After each question, he gave Arnesto time to respond, but Arnesto remained silent.

“Am I correct in assuming you’re not going to answer any of my questions? Alright, we’ll give you something to help loosen you up a bit.”

Two agents entered the room. One stood by as the other injected something into Arnesto’s arm. Arnesto never said a word and put up no resistance.
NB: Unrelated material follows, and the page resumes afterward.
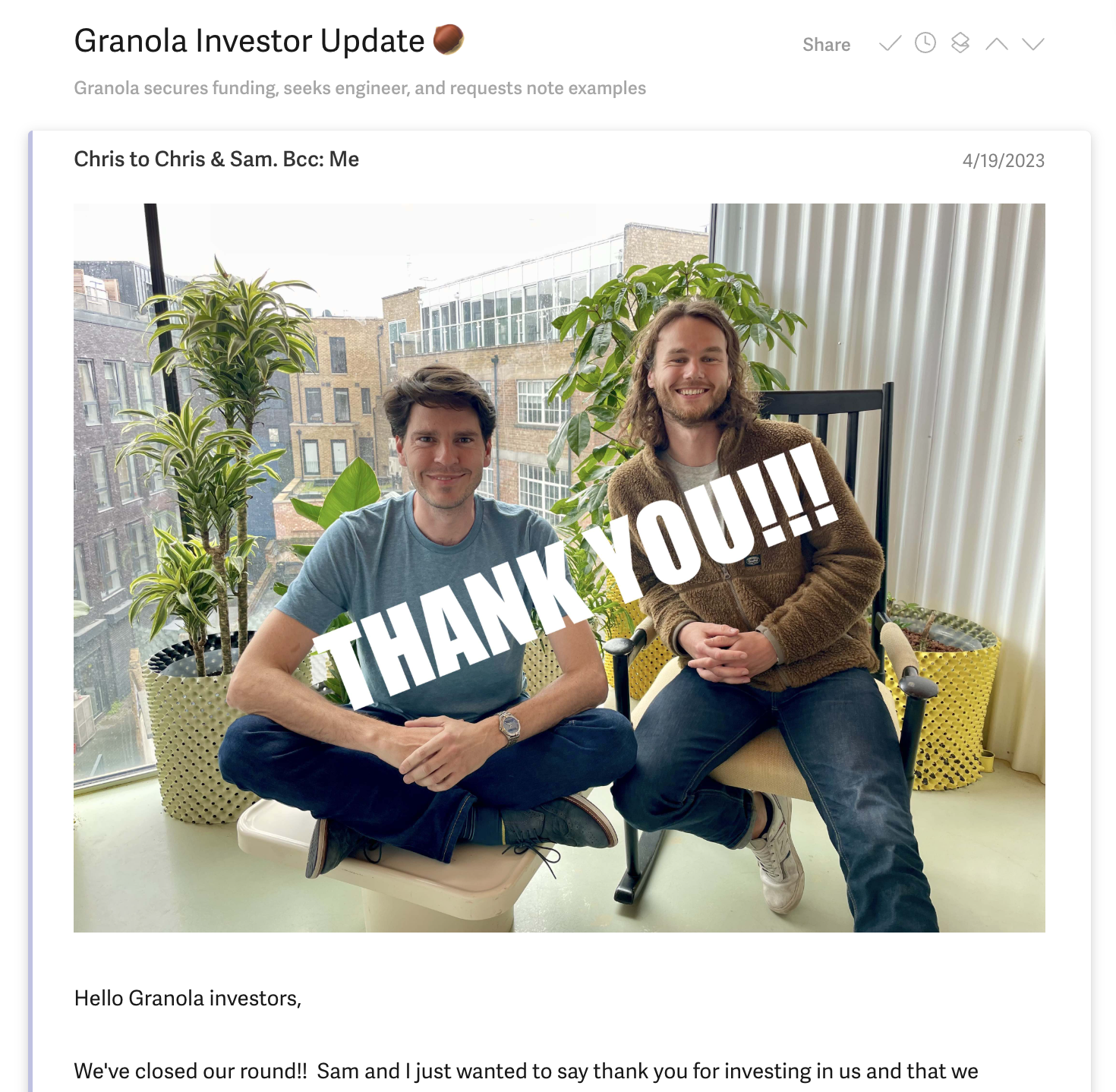 We spent quite some time discussing what would have to be true in order for Granola to be a billion dollar business. There were a few, all of which felt realistic and achievable by such a talented team.
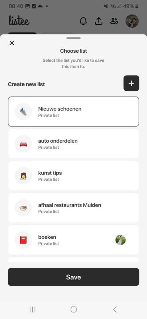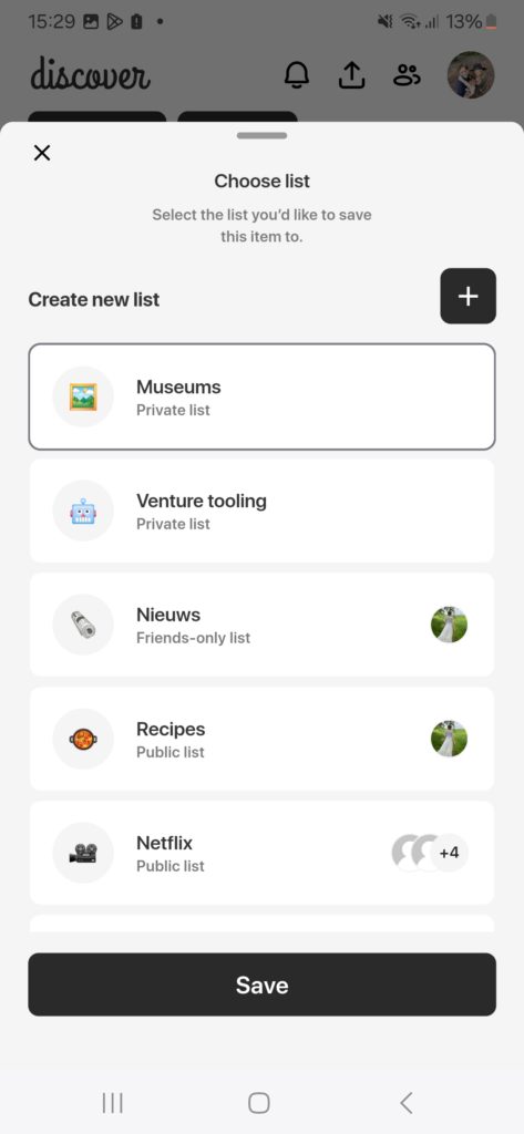 You can save and unsave lists of other users. The lists you saved are shown at the tab ‘saved lists’. You can (un)save lists within a list or at the profile of the list owner.

“Amobarbital,” Whiteside said. “Similar to Sodium Pentothal, though I couldn’t tell you their exact chemical compositions. I bet you could, though.

“Anyway, let’s get back to the riots. So, the night before, you stayed at that hotel, where you paid cash, but still gave them your license plate number, only with two of the digits transposed. You posted these flyers all over Koreatown, then got the hell out of town, went home, and watched the riots on television like everyone else as fifty-three people died. Did you feel that they brought it on themselves, that they deserved to die?”